Data:

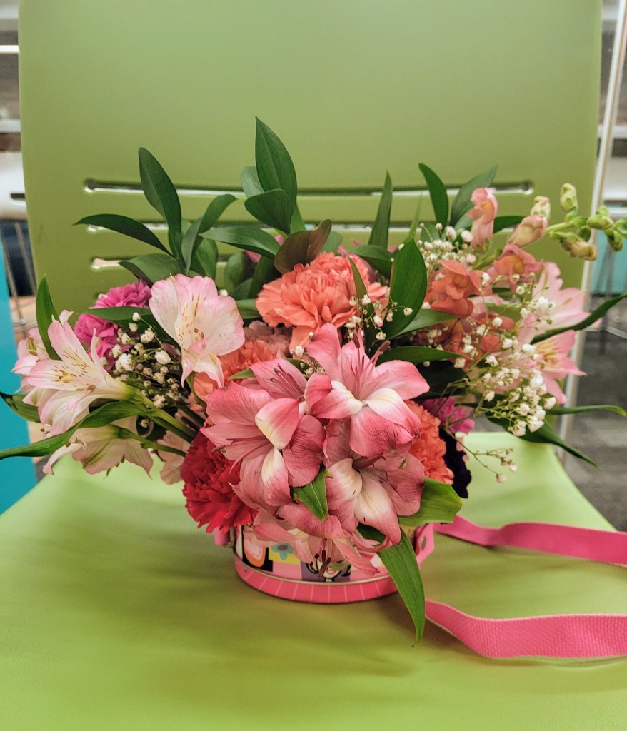 As I stepped into the children’s library, I noticed a woman and young girl studying at a table. I approached them and learned that they were a mother- daughter duo catching up on homeschooling work. I was amazed to see how the Lord moved. Leftover flowers from my floral class with homeschooled students were being used to bless a homeschooling family! Wow!
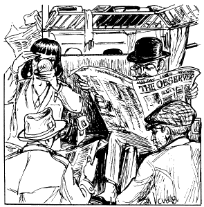 Op een grauwe novembermorgen rijdt de ondergrondse naar het centrum van Londen. Het is nog vroeg. Zoals gewoonlijk zitten de meeste reizigers hun ochtendkrant te lezen. Een meisje legt de laatste hand aan haar make-up. Reizigers die geen krant hebben, staren voor zich uit, of slapen.
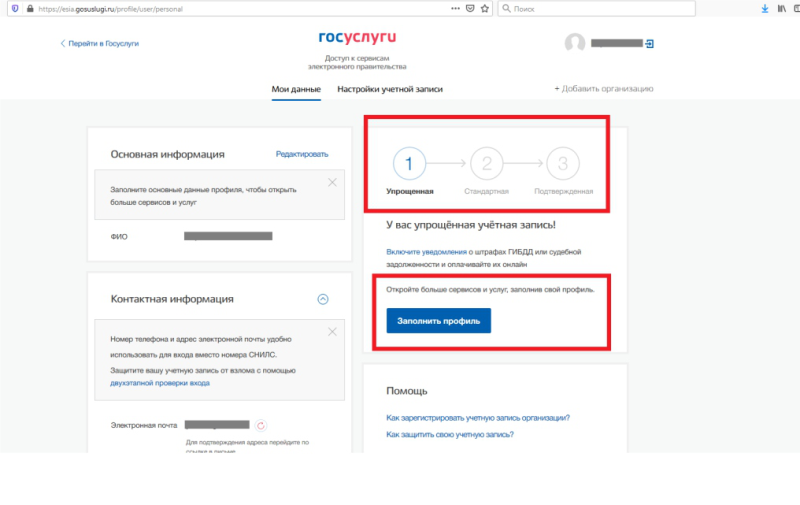 - Стандартная. В профиль вносят паспортные данные, СНИЛС. Документы проходят автоматическую проверку в ПФР и МВД. Эта степень позволяет уточнить наличие штрафов или записаться к врачу.
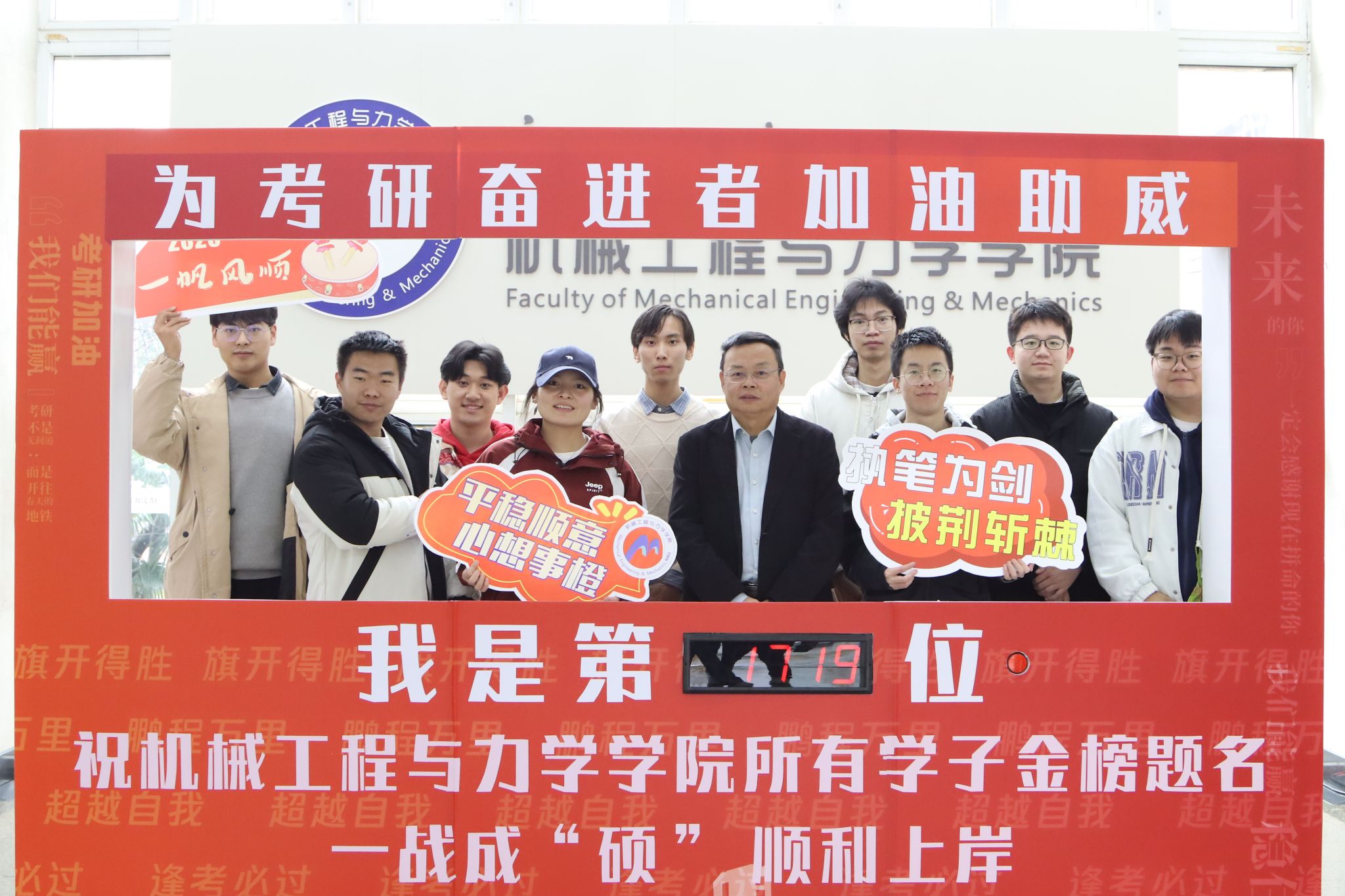 特聘院长阮殿波,党委副书记沈妍伶,副院长郑宇轩等院领导以及学院辅导员们共同为考研学子送上鼓励与祝福。
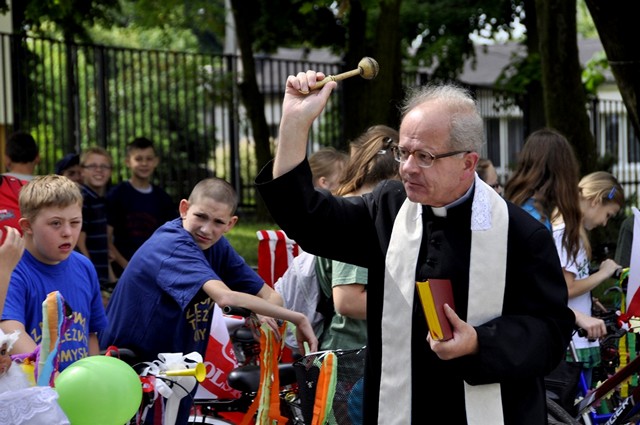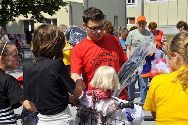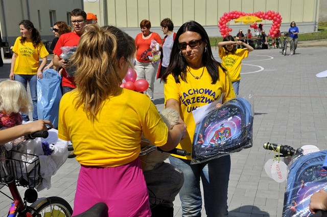 Po przyjeździe poszczególnych ekip wszystkich „rajdowiczów” przywitała Pani dyrektor Gimnazjum – Jolanta Zwiewka a członek Gminnej Komisji Rozwiązywania Problemów Alkoholowych ksiądz Franciszek Kurowski odmówił modlitwę i poświęcił jednoślady, po czym komisja wybrała 15 najlepiej ozdobionych rowerów. Każdy wyróżniony otrzymał nagrodę rzeczową. Następnie dzieci i młodzież rywalizowały w różnych konkursach, takich jak: „żółwia” jazda rowerem, jazda z przeszkodami, rzut na jeża, było przeciąganie liny, oraz odbył się drużynowy konkurs wiedzy na temat uzależnień i zdrowego trybu życia. Na zakończenie uczestnicy z poszczególnych szkół rywalizowali w mini turnieju piłki nożnej. Rozstrzygnięto również konkurs plastyczny na plakat nt. „Ja i moja rodzina”, ogłoszony w ramach ogólnopolskiej kampanii „Postaw na Rodzinę”. Poza konkursami młodzież mogła odwiedzić stanowisko policyjne, gdzie można było oznakować swój rower, czy też zobaczyć broń policyjną. Nie zabrakło stoiska z tradycyjną grochówką, były napoje i słodycze. Na zakończenie tegorocznego Rajdu odbyło się nagrodzenie zwycięzców poszczególnych konkursów.
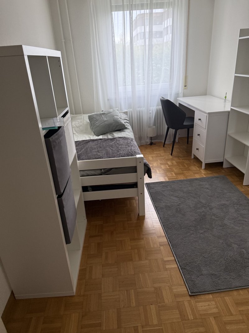 Wir vermieten ein ca. 13m² grosses Zimmer in unserer 4-Zimmer-Wohnung an der Augsterheglistrasse 21 in Pratteln. Das Zimmer ist bereits voll möbliert und wartet nur darauf, dass du einziehst!
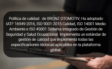 Política de calidad de BRONZ OTOMOTIV; Ha adoptado IATF 16949-2016, ISO 9001-2015 Calidad, ISO 14001 Medio...
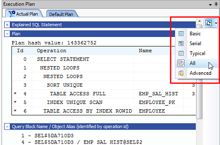 To select a display level for DBMS_XPlan (Formatted), click the arrow beside the Switch DBMS_XPlan level button and select an option.
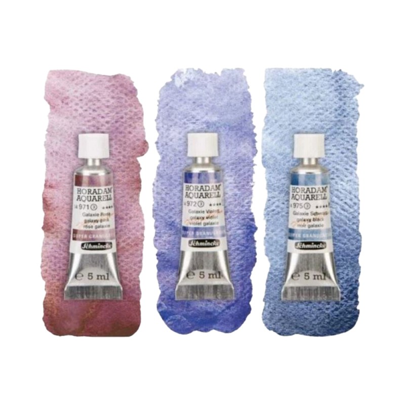 Set Acquerelli Horadam Super Granulati Serie Galaxy di Schmincke; tonalità che richiamano la galassia. Questo set comprende 3 tubetti da 5ml. nelle seguenti tonalità:

Your instructions:
Return, exactly as they appear, the lines from the line containing "To select a" through the end of the records above, both ends included, without pictures.

Response to this exercise:
 To select a display level for DBMS_XPlan (Formatted), click the arrow beside the Switch DBMS_XPlan level button and select an option.
 Set Acquerelli Horadam Super Granulati Serie Galaxy di Schmincke; tonalità che richiamano la galassia. Questo set comprende 3 tubetti da 5ml. nelle seguenti tonalità:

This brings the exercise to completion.